Pilot knew of hydraulic problem
An early report on a Kauai crash points at two potential faults
LIHUE » Heli USA pilot Joe Sulak reported experiencing a worsening hydraulic problem before he crashed at Princeville Airport on March 8, a preliminary federal report said yesterday.
Sulak, a pilot with 30 years of experience, first told the dispatcher that he was experiencing "hydraulic problems" and then "hydraulic failure" and that he was going to try an emergency landing.
"OK, we're done," were his last words over the radio, the dispatcher told investigators.
Sulak, along with three others, died in the crash. Two others remain at the Queen's Medical Center.
The preliminary report, released yesterday by investigators from the National Transportation Safety Board, also pointed to two possible problems with the hydraulic system in the AS 350.
But the company's owner said it is too early to come to conclusions on the cause of the crash.
Investigators found that the hydraulic sight glass was broken and seeping. The sight glass allows the pilot or mechanics to look into the hydraulic fluid tank. The report did not say whether it was broken before or after impact. But it did say that the hydraulic reservoir was full at the time of examination.
They also found that one of the servos was still attached to the transmission but not to the rest of the hydraulic system. Servos are the portion of the hydraulic system that boosts the pilot's controls, using the power generated by the hydraulic pump, and connects to the controls of the rotor mechanisms.
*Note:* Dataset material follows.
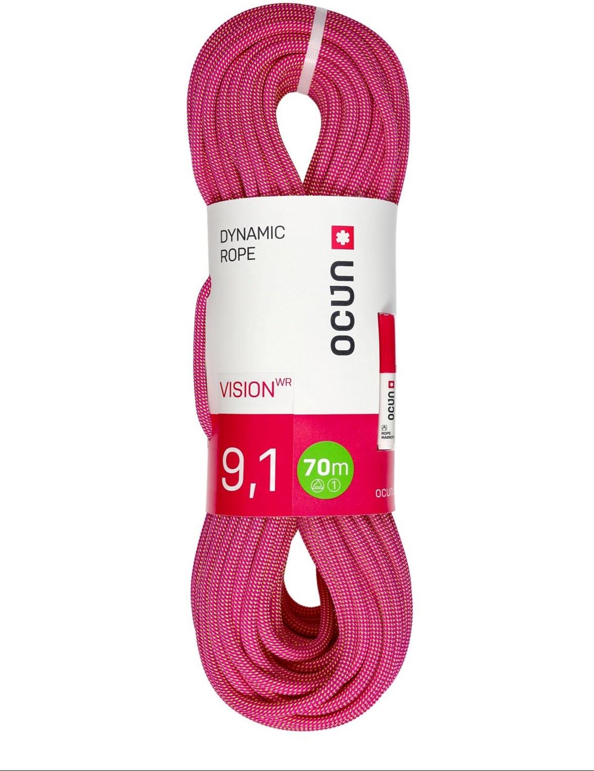 Lina dynamiczna Ocun Vision WR 9.1 mm posiada certyfikację liny pojedynczej. Oznacza to, że sprawdzi się ona zarówno podczas wspinaczki sportowej, jak i wielowyciągowej. Zaawansowana konstrukcja tego modelu sprawia, że zapewnia on wysoki poziom bezpieczeństwa i charakteryzuje się wysoką wytrzymałością. Oplot wykonano z termiczną obróbką rdzenia, co zwiększa jego wytrzymałość, a także pozytywnie wpływa na jego dynamiczne rozciągnięcie. Zastosowano tu także impregnację oplotu, która czyni linę trwalszą. Powoduje też, że wilgoć, pył, czy zabrudzenia nie wnikają zbyt łatwo w oplot. Warto dodać, że impregnat nie zawiera szkodliwych związków chemicznych PFC. Cechy: Rodzaj liny Lina dynamiczna Typ liny Lina pojedyncza Długość 70 m Średnica 9,1 mm Waga liny 54 g/m Liczba odpadnięć UIAA 6 Ślizganie oplotu 0% Maksymalna siła uderzenia 8,3 kN Maksymalna siła uderzenia 7,3 kN (1 żyła, obciążenie 55 kg) Wydłużenie dynamiczne (lina pojedyncza) 35% Wydłużenie statyczne (lina pojedyncza) 6,3% Węzłowatość 0,8 Zgodność z normą EN 892 i UIAA 101 CE Z certyfikatem UIAA Tak Impregnacja Podstawowa - tylko oplotu Oznaczenie środka Z oznaczeniem Bi-color Bez Bi Color Trwałe połączenie rdzenia i oplotu Bez trwałego połączenia Materiał oplotu Poliamid (PA) Materiał rdzenia Poliamid (PA) Liczba włókien oplotu 40 Przyjazność środowisku PFC-Free Przeznaczenie Wspinaczka / Bouldering

A portion of the left lateral servo was not connected to the hydraulic system, but did not appear damaged by the crash, the report indicated.
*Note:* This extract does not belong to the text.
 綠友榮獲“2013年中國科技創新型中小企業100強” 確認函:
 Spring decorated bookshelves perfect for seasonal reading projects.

The threads of the servo and on the transmission were not stripped, and the parts were able to rotate properly, the report continued.
The investigation continues, and all parts of the hydraulic system have been moved to laboratories to undergo further testing.
Nigel Turner, chief executive of Heli USA Airways, said the report "is too preliminary" to make a determination whether the two parts caused the crash.
"It's too early to know for sure," he said, adding that he is confident the team assembled will investigate the crash extremely thoroughly, and has confidence in their abilities and their professionalism.
NTSB lead investigator Brian Rayner said last week, while he was on Kauai, that the preliminary report would make no determination into the cause of the crash. A final report will be released by the Transportation Board and could take a year or more.
Sulak, of Princeville, died in the crash, as well as passengers John O'Donnell of East Rockaway, N.Y., Teri McCarty of Cabot, Ark., and Magreit Inglebrecht of Santa Maria, Calif.
O'Donnell's wife, Veronica, and McCarty's husband, James, remain at the Queen's Medical Center, while Inglebrecht's husband, Cornelius Scholtz, has been discharged from the hospital.
Heli USA resumed helicopter sightseeing flights from Princeville Airport yesterday, Turner said. The company wanted to give its employees enough time to grieve and be ready to accommodate its passengers, he added.